### DATA FOR PROCESSING
========

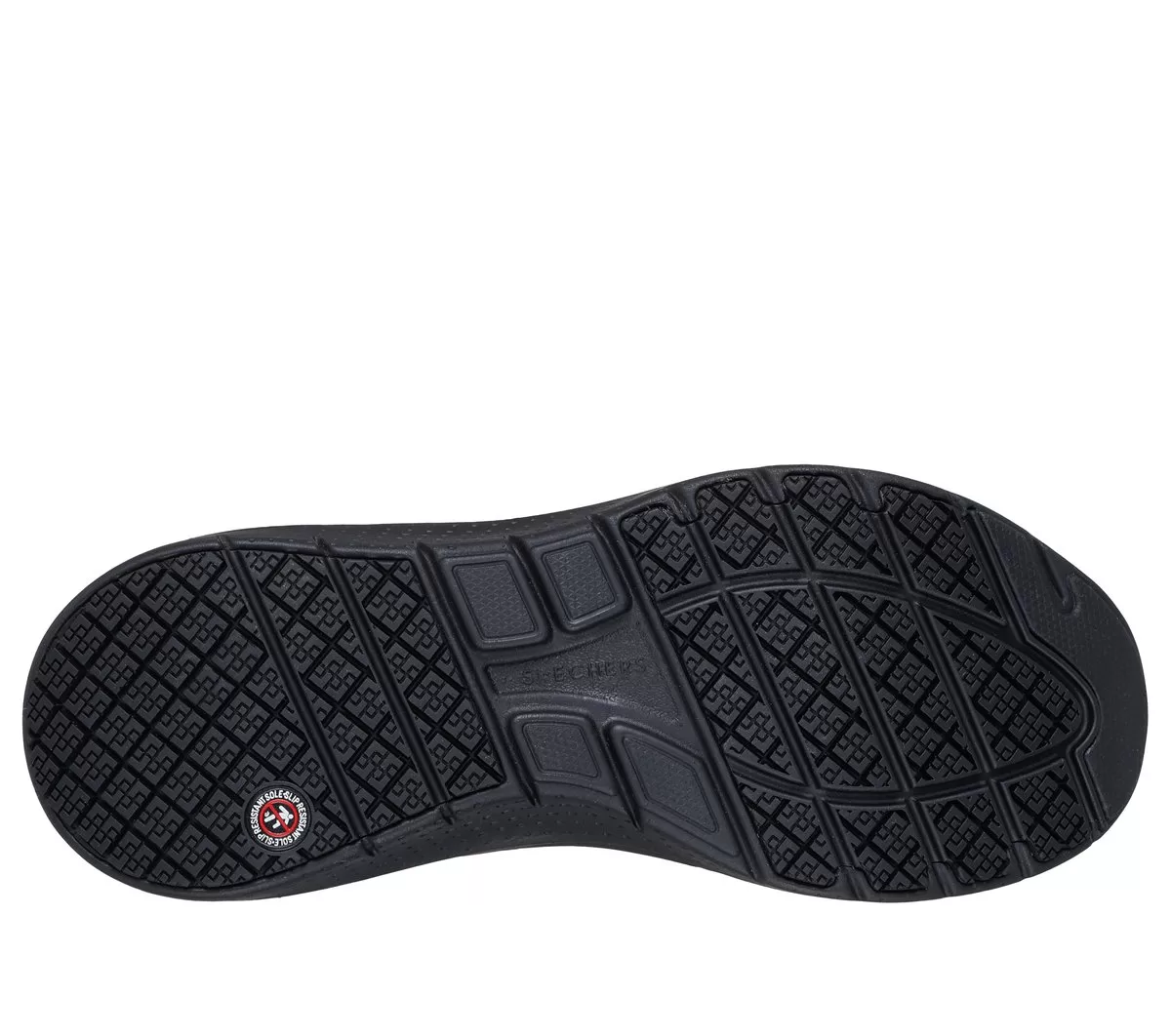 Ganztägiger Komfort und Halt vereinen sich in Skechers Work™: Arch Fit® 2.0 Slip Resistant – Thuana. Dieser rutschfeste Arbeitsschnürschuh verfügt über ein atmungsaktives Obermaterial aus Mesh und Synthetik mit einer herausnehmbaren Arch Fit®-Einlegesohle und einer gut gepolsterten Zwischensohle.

========

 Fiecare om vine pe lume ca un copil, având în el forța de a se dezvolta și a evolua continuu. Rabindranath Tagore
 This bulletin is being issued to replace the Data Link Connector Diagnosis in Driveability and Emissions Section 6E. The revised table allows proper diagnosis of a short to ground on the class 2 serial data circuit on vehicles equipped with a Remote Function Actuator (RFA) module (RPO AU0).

========

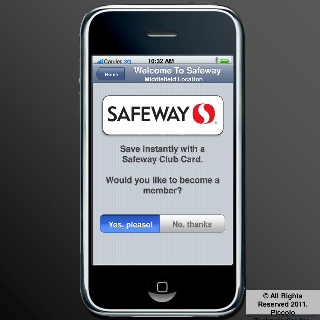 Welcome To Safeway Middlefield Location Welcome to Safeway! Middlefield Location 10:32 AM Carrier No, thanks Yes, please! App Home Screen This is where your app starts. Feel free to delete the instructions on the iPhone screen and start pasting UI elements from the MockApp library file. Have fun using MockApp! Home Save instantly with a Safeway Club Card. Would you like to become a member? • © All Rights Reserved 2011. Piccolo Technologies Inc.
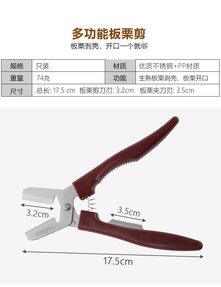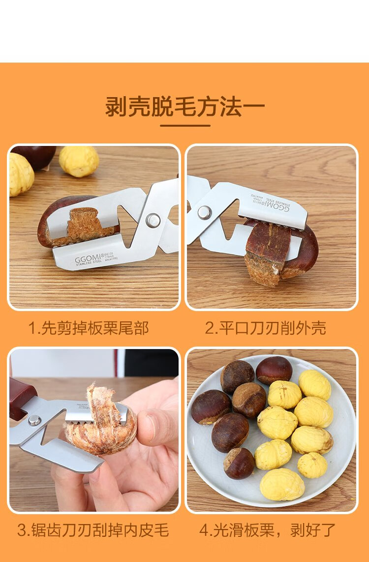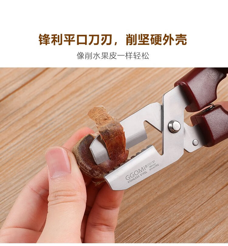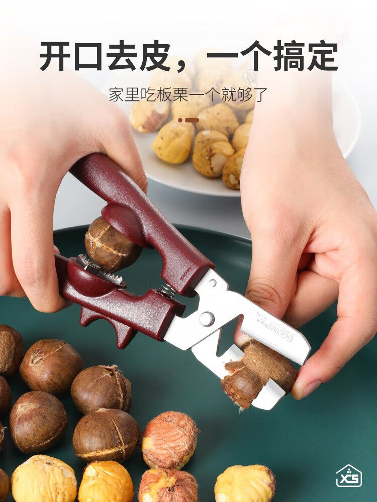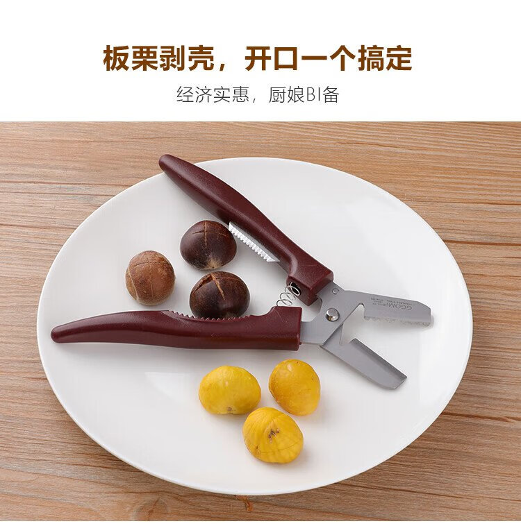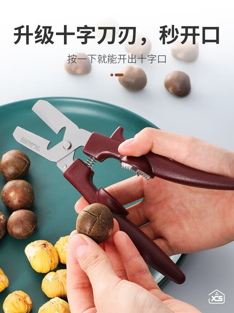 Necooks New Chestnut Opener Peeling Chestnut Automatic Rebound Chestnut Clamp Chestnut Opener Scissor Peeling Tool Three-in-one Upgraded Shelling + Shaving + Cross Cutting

========

### TASK DESCRIPTION
Starting at the line above that holds "Fiecare om vine" and ending at the line that holds "This bulletin is", transcribe each line exactly and include no other lines.

### EXERCISE SOLUTION
 Fiecare om vine pe lume ca un copil, având în el forța de a se dezvolta și a evolua continuu. Rabindranath Tagore
 This bulletin is being issued to replace the Data Link Connector Diagnosis in Driveability and Emissions Section 6E. The revised table allows proper diagnosis of a short to ground on the class 2 serial data circuit on vehicles equipped with a Remote Function Actuator (RFA) module (RPO AU0).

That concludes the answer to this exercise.